Session: 03-05 Metals: Dissimilar Materials

Paper Number: 94800

94800 - Characterization of Waam-Based Bimetallic Component Fabricated With Austenitic Stainless Steel and Inconel 625 

Additively manufactured bimetallic industrial components have the potential to replace traditionally-manufactured functionally graded components via the GMAW-based WAAM process. Inconel625 and austenitic stainless steel are two significantly used materials in bimetallic components for aerospace, power generation, and marine industries. In the present work, additive manufacturing of Inconel 625 and austenitic stainless steel bimetallic components have been conducted through robotic WAAM technology. The process parameters of each welding wire for deposition were selected through response surface analyses of single-wire feed depositions of the two wires. The microstructural characterization of the bimetallic structure was characterized using a stereomicroscope (SM), optical microscope (OM), and scanning electron microscope (SEM) equipped with energy-dispersive X-ray spectroscopy (EDS). X-ray fluorescence (XRF) elemental mapping was conducted thorough the interface to investigate the chemical composition variations at the interface. Microhardness tests along with the interfacial investigations were conducted to determine the microstructural features in the multilayer builds of the additively manufactured bimetallic component. The hardness results were taken from the base material to the top layer at 0.5 mm intervals. A heterogeneous hardness distribution values were obtained from bottom to top of the deposited bimetallic component. Additionally, a critical insight was obtained for the interfacial microstructure which provides a fundamental understanding of the wire arc additively manufactured bimetallic component with the Inconel 625 and ER-316L austenitic stainless steel welding wires.  
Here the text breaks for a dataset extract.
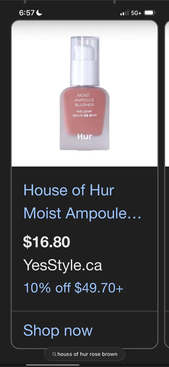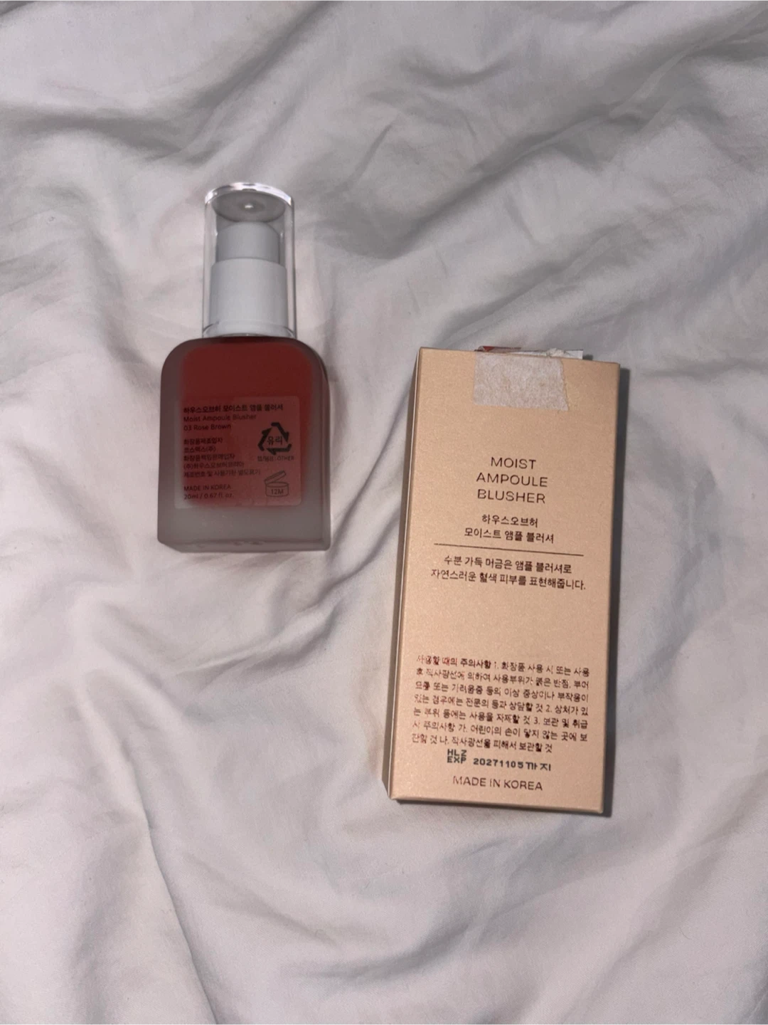 This is the Hur Moist Ampoule Blusher in the shade Rose Brown. It's a 20ml bottle. This blusher provides a moist finish to the cheeks.

Presenting Author: Savas Dilibal Istanbul Gedik University

Presenting Author Biography: After graduation as a system engineer in 1995, he received his Master’s degree in materials design and manufacturing program in Mechanical Engineering from Istanbul Technical University. He received his Ph.D. in Materials Engineering from Yildiz Technical University. He has a strong background on SMAs such as processing-microstructure-mechanical property relationships, and thermo-mechanical response of shape memory alloys. After his Ph.D., he completed a postdoctoral fellowship at the University of Illinois at Urbana-Champaign (UIUC) in the Department of Mechanical Science and Engineering in 2010. During his postdoctoral fellowship at UIUC (USA), he focused on the mechanical behavior of shape memory alloys. He worked on a NASA funded project (NASA`s Subsonic Fixed Wing Program - Modeling and experimentation on shape memory alloys) between 2012-2014 as a Research Associate at the University of Akron, OH (USA). He also worked as an adjunct faculty in the Mechanical Engineering Department at the University of Akron, OH (USA). In 2015, he started working in the Engineering Faculty at Istanbul Gedik University. He studied on the additively manufactured polymer embedded NiTi SMA actuated robotic finger and pneumatically driven additively manufactured soft robotics actuators projects. In terms of additive manufacturing, he has been working on the fabrication of NiTi SMA through EBM based additive manufacturing and wire arc additive manufacturing with his MSc and Ph.D. students. He is currently working on the additively manufactured soft robotics actuator systems and the wire arc additive manufacturing (WAAM) system in Mechatronics Engineering Department. He is the head of mechatronics engineering department. He is also the director of Robot Technology Research and Application Center.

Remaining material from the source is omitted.